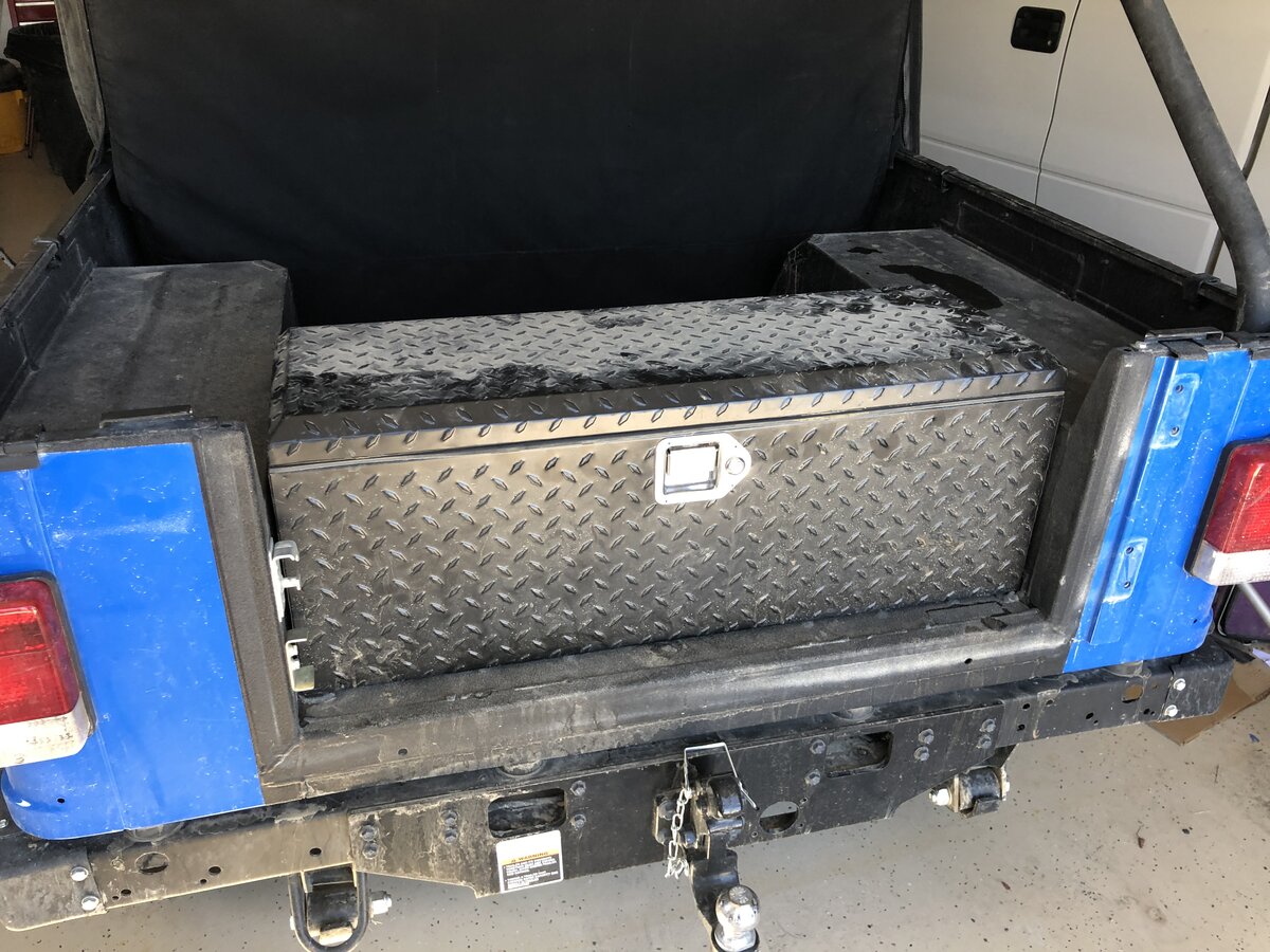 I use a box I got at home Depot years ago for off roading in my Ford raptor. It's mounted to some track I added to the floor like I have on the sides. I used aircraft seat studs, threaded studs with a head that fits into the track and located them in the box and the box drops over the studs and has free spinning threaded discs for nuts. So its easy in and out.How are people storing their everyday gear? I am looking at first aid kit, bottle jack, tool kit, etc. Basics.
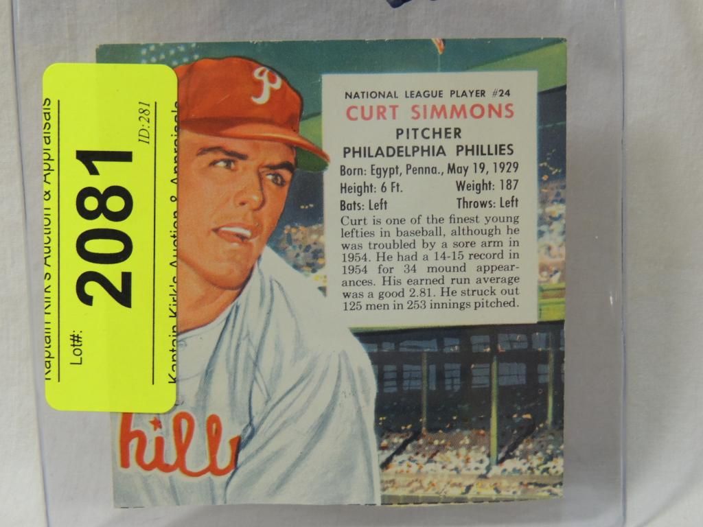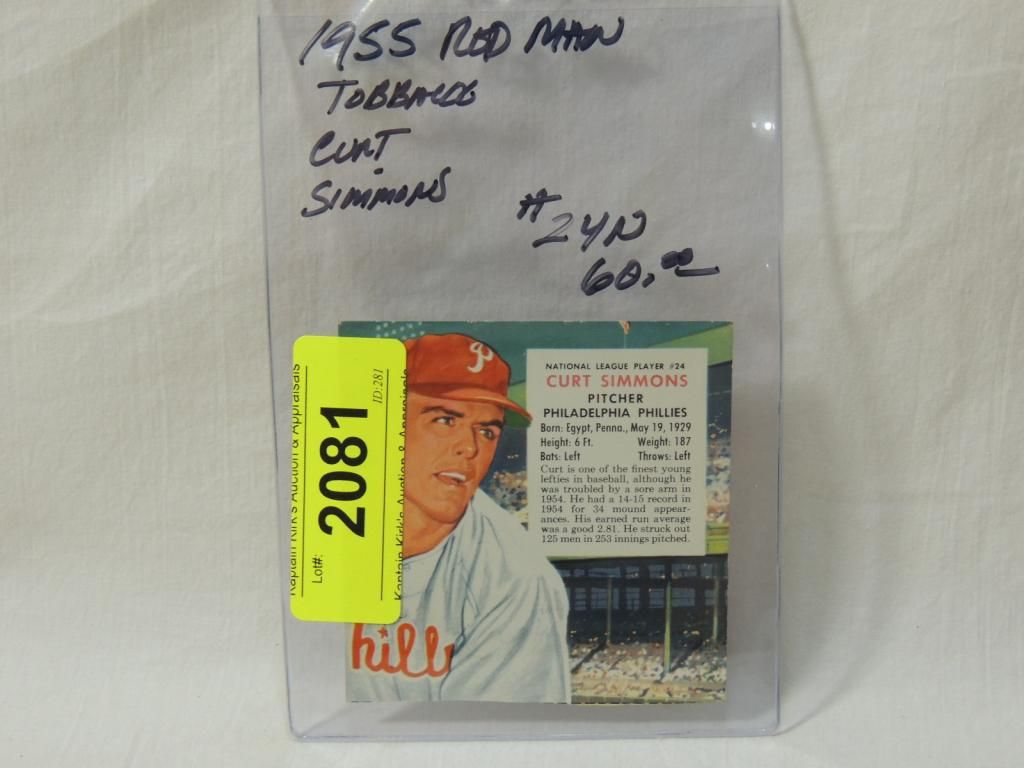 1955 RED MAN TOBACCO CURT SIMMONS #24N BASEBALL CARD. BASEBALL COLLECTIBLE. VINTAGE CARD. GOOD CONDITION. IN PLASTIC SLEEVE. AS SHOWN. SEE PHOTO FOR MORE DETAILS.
* * *
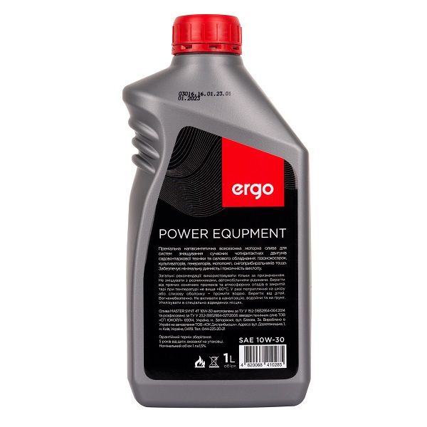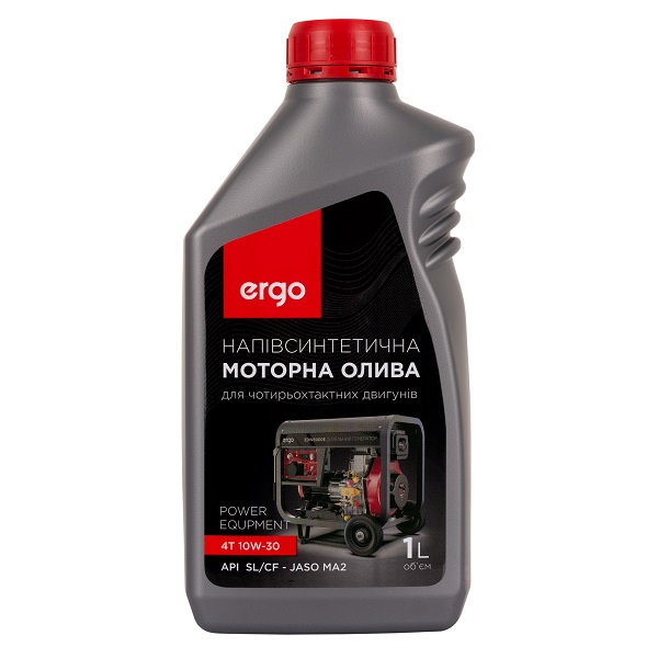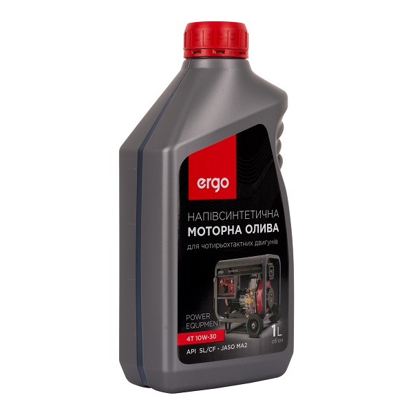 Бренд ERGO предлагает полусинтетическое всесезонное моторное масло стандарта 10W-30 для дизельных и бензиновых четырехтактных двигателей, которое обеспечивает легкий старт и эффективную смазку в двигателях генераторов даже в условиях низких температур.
...
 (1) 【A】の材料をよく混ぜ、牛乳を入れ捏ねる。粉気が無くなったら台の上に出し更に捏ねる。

**DIRECTIONS**
Transcribe the lines above exactly, beginning at the one with "I use a box" and ending at the one with "1955 RED MAN". Include both; exclude the pictures.

**TASK RESULT**
 I use a box I got at home Depot years ago for off roading in my Ford raptor. It's mounted to some track I added to the floor like I have on the sides. I used aircraft seat studs, threaded studs with a head that fits into the track and located them in the box and the box drops over the studs and has free spinning threaded discs for nuts. So its easy in and out.How are people storing their everyday gear? I am looking at first aid kit, bottle jack, tool kit, etc. Basics.
 1955 RED MAN TOBACCO CURT SIMMONS #24N BASEBALL CARD. BASEBALL COLLECTIBLE. VINTAGE CARD. GOOD CONDITION. IN PLASTIC SLEEVE. AS SHOWN. SEE PHOTO FOR MORE DETAILS.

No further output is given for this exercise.